Many new sites and bloggers try to bind their readers to the news sites using different approaches and means. Usually, the comments are the most participated but, the “like” or the “+1” used in social networks are also increasing their spread among news media. Other less, participated means are the connections to and from blogs, or even the editing of short stories as in Scoop (www.scoop.it). Given this quantity of links, connections and information provided by readers, it would be losing an opportunity if news producers wouldn’t take advance of this information in order to better understand reader’s needs, interests in order for further development of the stories or even improvements.

In this article we present and describe the Breadcrumbs system whose goal is to capitalize on the participation of the general public in the production of news by creating bridges between online news and the “Social Web” while stepping over the traditional techniques of natural language processing and its associated complexity. The project builds on the use of Social Web tools that we created for gathering the opinions of readers for the news that are interesting to them, and then creating a semantically organized model of the readers’ opinions. In particular, Breadcrumbs focuses on:

  • 1.

    Collecting news fragments from the Web.

  • 2.

    Semi-automatically organizing those fragments.

  • 3.

    Aggregating the fragments across readers and building the social network of news.

  • 4.

    Anonymously inferring relationships between readers.

  • 5.

    Inferring relationships between news.

In order to accomplish these tasks, we use various inference and interaction approaches. We combine automatic and user-mediated approaches to yield better results than either approach in isolation – our rationale is: automatic mechanisms can handle extremely large amounts of data, and people can provide insights which are difficult to identify with automatic mechanisms.

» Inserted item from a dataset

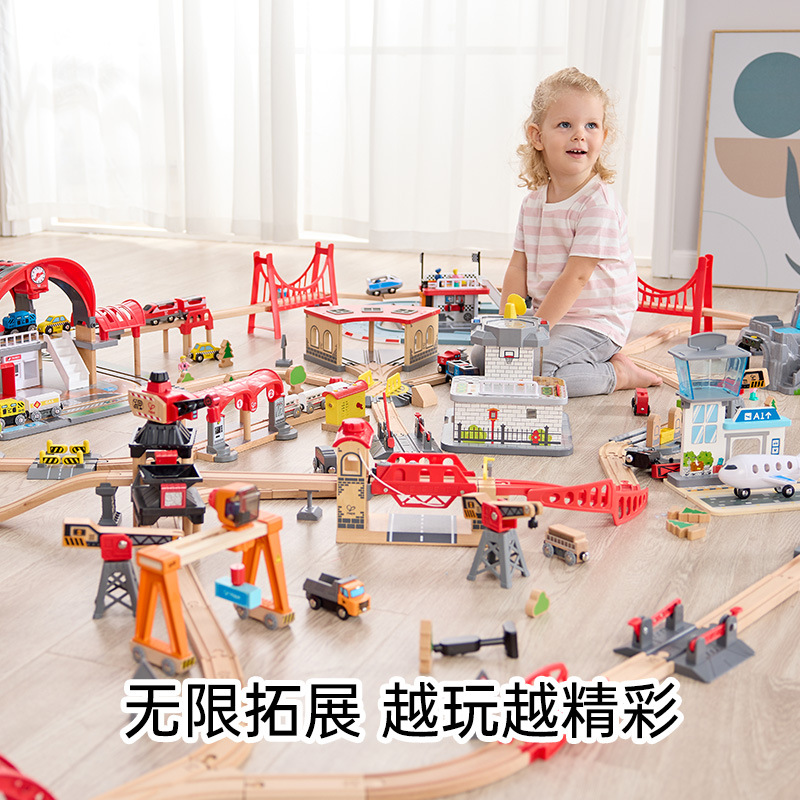 Hape 목조 트랙 자동차 놀이터 기차 트랙 나무 작은 기차 어린이 단단한 나무 장난감 생일 선물

The remaining of this article is structured as follows: in this next section we describe our insight in creating the Breadcrumbs system and try to ground our beliefs in what concerns the viability and opportunity of a social network formed by news clips. In section 1 we detail some of the most important concepts to prepare the reader to understand the state of the art in the area. Section 2 is devoted to the full description of our system, which is then analysed through several tests described in section 3, along with our findings. In section 4 we present our conclusions.